═════ Data listing
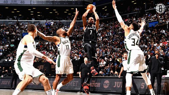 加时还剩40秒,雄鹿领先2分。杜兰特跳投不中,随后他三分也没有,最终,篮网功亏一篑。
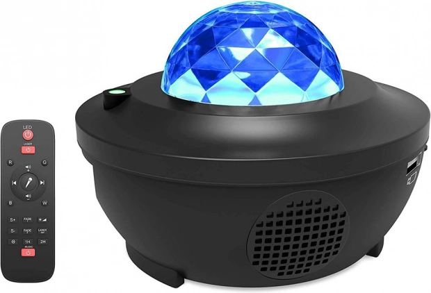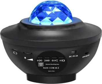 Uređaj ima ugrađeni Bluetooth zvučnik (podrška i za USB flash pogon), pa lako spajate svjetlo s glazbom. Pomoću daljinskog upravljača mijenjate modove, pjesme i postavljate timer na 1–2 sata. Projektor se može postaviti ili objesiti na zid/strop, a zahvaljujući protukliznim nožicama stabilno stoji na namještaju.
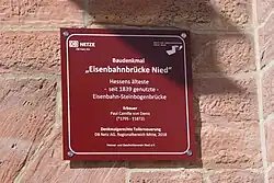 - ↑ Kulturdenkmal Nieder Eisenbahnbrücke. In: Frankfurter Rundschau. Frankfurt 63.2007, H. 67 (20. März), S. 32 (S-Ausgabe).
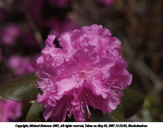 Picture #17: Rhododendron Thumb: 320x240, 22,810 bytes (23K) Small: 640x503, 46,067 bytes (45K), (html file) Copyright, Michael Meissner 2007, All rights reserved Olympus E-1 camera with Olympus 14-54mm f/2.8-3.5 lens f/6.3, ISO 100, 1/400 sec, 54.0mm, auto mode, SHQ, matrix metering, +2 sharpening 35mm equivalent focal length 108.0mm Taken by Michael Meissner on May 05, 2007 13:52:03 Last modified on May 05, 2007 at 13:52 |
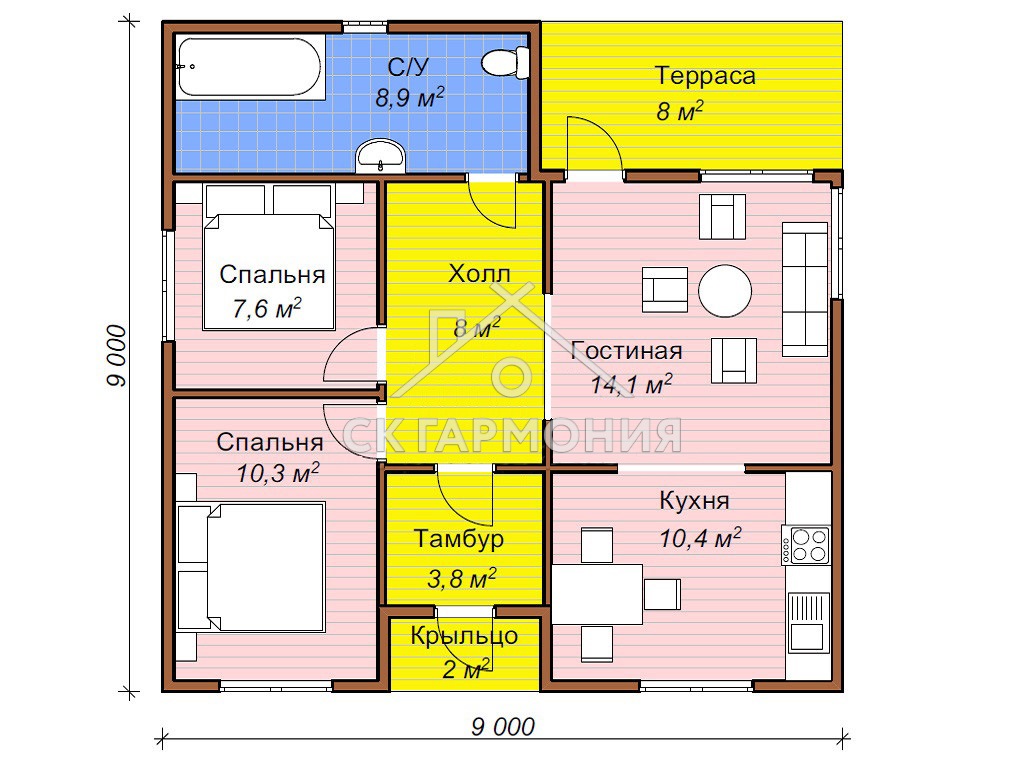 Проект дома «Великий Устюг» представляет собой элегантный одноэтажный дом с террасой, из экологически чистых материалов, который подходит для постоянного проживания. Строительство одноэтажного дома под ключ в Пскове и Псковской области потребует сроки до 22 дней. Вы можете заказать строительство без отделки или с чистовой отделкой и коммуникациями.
══════════
═════ Data listing
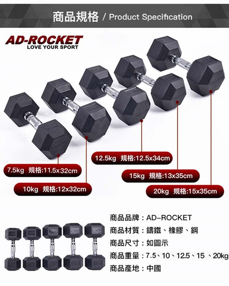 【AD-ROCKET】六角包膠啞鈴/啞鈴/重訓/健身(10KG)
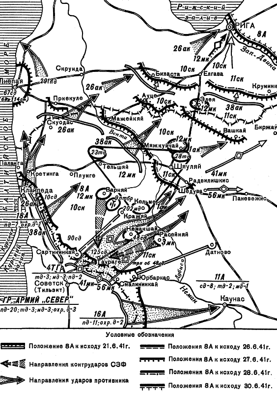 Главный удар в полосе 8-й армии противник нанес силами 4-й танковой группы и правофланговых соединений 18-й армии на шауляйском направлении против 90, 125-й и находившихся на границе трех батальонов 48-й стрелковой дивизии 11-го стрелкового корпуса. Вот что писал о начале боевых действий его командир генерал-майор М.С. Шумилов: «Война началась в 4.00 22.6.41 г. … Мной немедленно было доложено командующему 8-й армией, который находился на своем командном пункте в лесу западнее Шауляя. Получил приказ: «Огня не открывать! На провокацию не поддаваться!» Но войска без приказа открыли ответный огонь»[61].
══════════
● Your assignment
What lines above run from the one with "Picture #17: Rhododendron" to the one with "отделкой и коммуникациями."? Give them again exactly, ends included, and leave the pictures out.

● Response below
 Picture #17: Rhododendron Thumb: 320x240, 22,810 bytes (23K) Small: 640x503, 46,067 bytes (45K), (html file) Copyright, Michael Meissner 2007, All rights reserved Olympus E-1 camera with Olympus 14-54mm f/2.8-3.5 lens f/6.3, ISO 100, 1/400 sec, 54.0mm, auto mode, SHQ, matrix metering, +2 sharpening 35mm equivalent focal length 108.0mm Taken by Michael Meissner on May 05, 2007 13:52:03 Last modified on May 05, 2007 at 13:52 |
 Проект дома «Великий Устюг» представляет собой элегантный одноэтажный дом с террасой, из экологически чистых материалов, который подходит для постоянного проживания. Строительство одноэтажного дома под ключ в Пскове и Псковской области потребует сроки до 22 дней. Вы можете заказать строительство без отделки или с чистовой отделкой и коммуникациями.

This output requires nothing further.